How does the code pull the data from Outlook?

----------


## Per Olander

it loops through my inbox and takes all mail for a certain date range, sees if any attachments are excel file types, opens them and checks one of the fields with data, to see if its a file that it needs to work on or not.
but the error occurs in the mailing process from the ipad, when I handle the files manually I also see these extra rows and columns once in a while.

----------


## cnodnarb

I know this sounds redundant but...

In iPad numbers, is there always data in cell 'B1' before transferring to excel?

----------


## Norie

Per

It sounds like something that you'll either have to fix at the Numbers end or in Excel.
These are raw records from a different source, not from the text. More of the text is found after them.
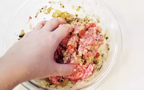 3.粗熱がとれたら挽肉と全ての調味料を加えてよく練り混ぜます。混ぜ終わったら、冷蔵庫に移して種を少し休ませます。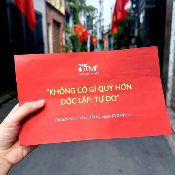 搜索关键词 Tâm Minh Food, vegetarian food, Vietnam holidays, discount promotion, free gift, healthy eating, plant-based diet, vegan options, anniversary sale, celeb endorsement优势 10% discount on orders over 1 million VND,Free "Proud of Vietnam" canvas bag,Free bean sprout plush toy with purchase of two boxes of milk,Endorsed by celebrity who eats the product daily,Products are rigorously tested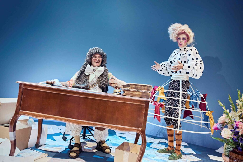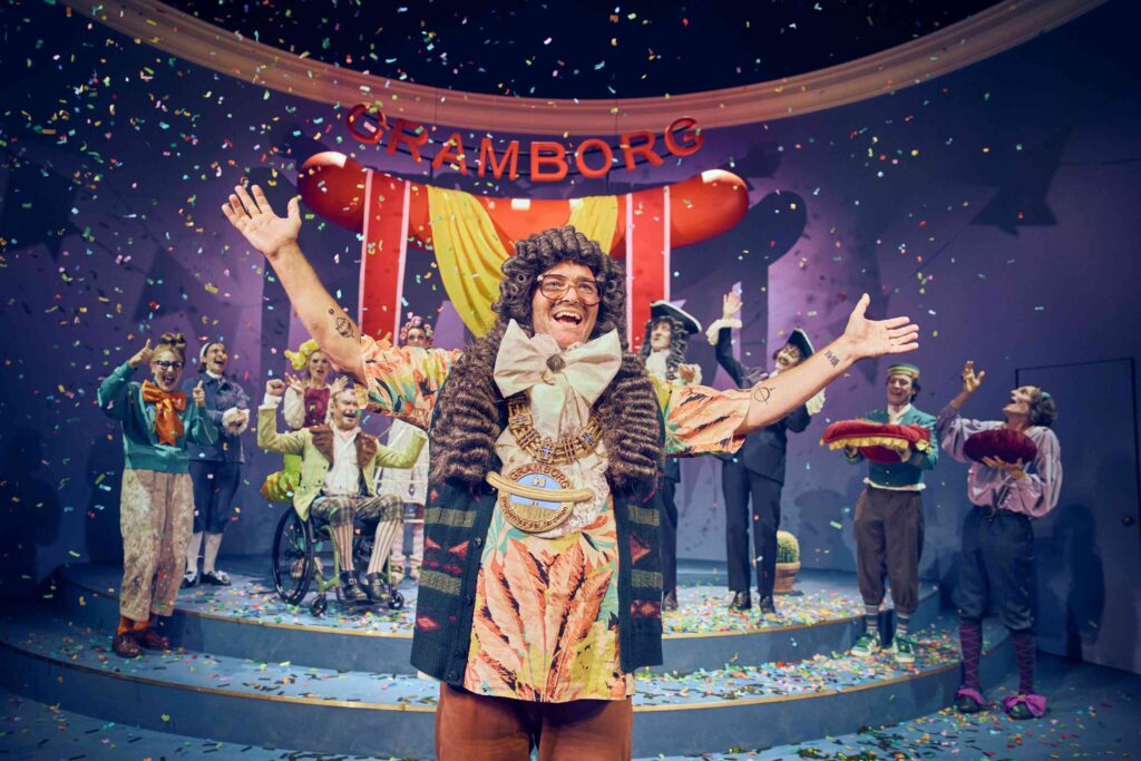 Stine Schrøder Jensen instruerer ganske levende og til tider også ganske fiffig, men hendes iscenesættelse kan dog ikke helt fratage teksten dens noget pjankede natur. Martin Erikssons scenografi og farverige, næsten cirkusagtige kostumer hjælper heller ikke just på det.

Looking at the images it appears that in some cases you have a blank column A, so why not just delete that if it's there?

----------


## Per Olander

@ cnodnarb:

There is normally only data in the fields I have black'ed out, the formulas in A1/B2 are just dummy functions I entered to emphasise the problem. 

@ Norie:

the blank column A could be deleted yes, but this is something I have been working on as an extention to an old system - it would involve a lot of users if I change the template (ie. it would cause more chaos than solutions), and a blank column should not be the problem. If I delete it, the conversion from Numbers to Excel would still mean, that what should be in column A will sometimes be in column B, where the problem now is, that what should be in B is sometimes in C - it wouldn't solve the problem.

----------


## Norie

Per

I'm suggesting deleting the blank column using the code you are using to extract the attachments from Outlook.

I don't see how that would change any template or involve users.

If there is data that's in C but should be in B when you delete column A it will move into the correct column.

----------


## Per Olander

please look at the two pictures - its not a matter of column reference, its a matter of consistency. as you can see in the picture from Excel, there is a whole new all-white row 1 and column A that was not even present in Numbers.

if I do as you suggest, iPad Numbers will still once in a while insert the extra blank row and column as in the pictures, and when I then assume everything is where it should be in A, it will once in a while be in B.

I dont want to correct the template, since we are sending these datafiles to our customers directly, where they are also running some macros on them - All I want is to know if I can avoid iPad Numbers to screw the file up in the e-mailing process.

----------


## Norie

I don't know anything about iPad Numbers so I'm afraid I can't help you.

----------